• Supplied entries:
·····

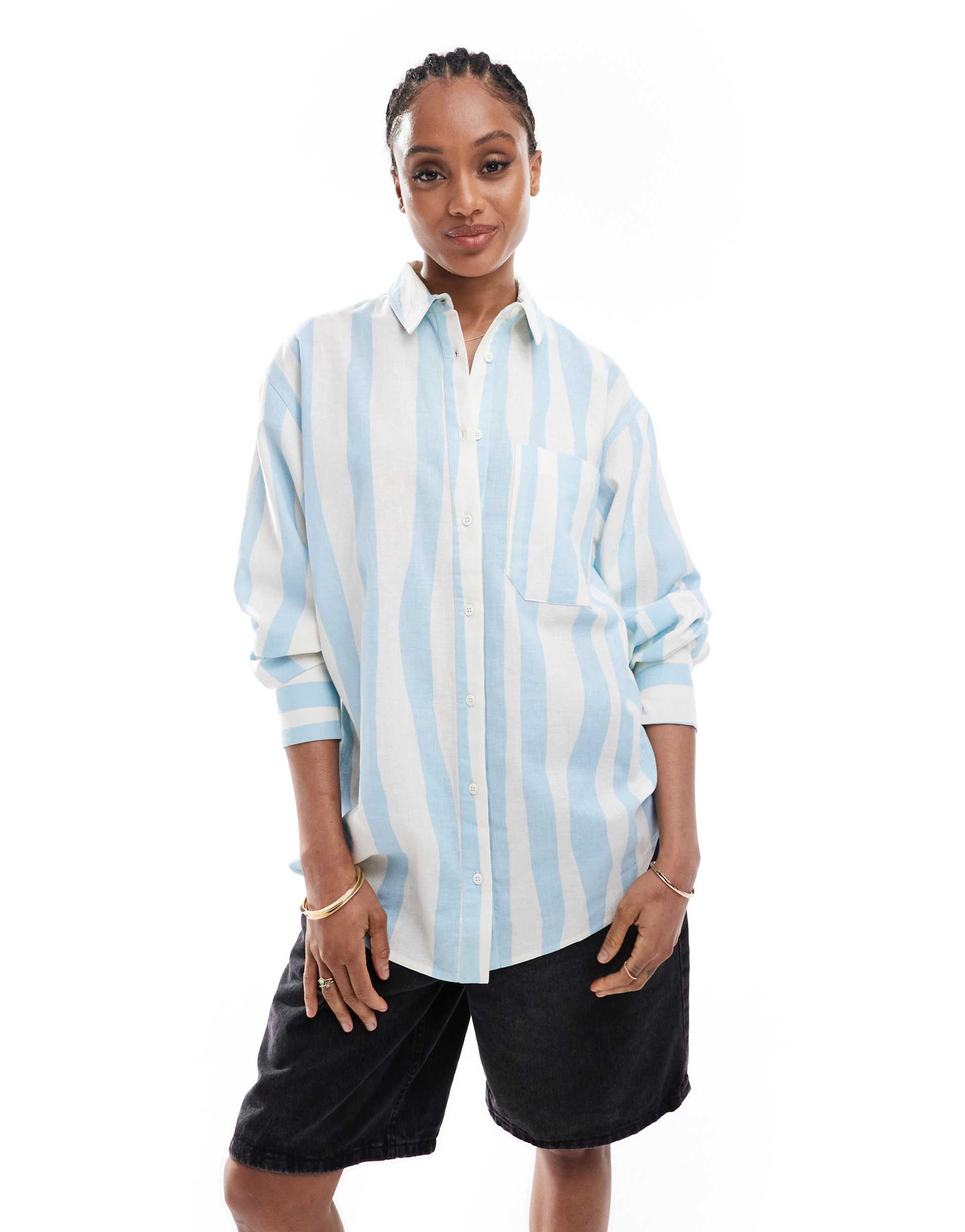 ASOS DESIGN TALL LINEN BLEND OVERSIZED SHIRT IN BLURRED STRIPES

·····

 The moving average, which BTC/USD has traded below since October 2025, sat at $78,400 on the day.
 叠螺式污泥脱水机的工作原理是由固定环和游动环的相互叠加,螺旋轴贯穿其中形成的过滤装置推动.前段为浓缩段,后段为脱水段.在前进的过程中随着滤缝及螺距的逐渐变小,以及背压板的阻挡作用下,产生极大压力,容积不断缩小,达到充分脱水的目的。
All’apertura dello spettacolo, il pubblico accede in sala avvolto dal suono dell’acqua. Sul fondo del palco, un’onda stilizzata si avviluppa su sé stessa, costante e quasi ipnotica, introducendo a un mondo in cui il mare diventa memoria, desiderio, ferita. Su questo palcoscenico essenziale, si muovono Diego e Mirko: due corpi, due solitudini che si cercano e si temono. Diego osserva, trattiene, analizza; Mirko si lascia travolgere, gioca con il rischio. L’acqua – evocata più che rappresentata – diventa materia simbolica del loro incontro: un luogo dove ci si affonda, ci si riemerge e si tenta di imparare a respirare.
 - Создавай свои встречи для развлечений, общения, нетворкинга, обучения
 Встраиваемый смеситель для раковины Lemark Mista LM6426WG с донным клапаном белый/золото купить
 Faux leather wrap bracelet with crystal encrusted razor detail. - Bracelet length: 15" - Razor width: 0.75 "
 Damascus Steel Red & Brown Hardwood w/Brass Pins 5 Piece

·····

• Directions for this task: Write out, from the lines above, only those from the line with "The moving average, which" to the line with "叠螺式污泥脱水机的工作原理是", exactly as given, including the first and the last.

• Response:
 The moving average, which BTC/USD has traded below since October 2025, sat at $78,400 on the day.
 叠螺式污泥脱水机的工作原理是由固定环和游动环的相互叠加,螺旋轴贯穿其中形成的过滤装置推动.前段为浓缩段,后段为脱水段.在前进的过程中随着滤缝及螺距的逐渐变小,以及背压板的阻挡作用下,产生极大压力,容积不断缩小,达到充分脱水的目的。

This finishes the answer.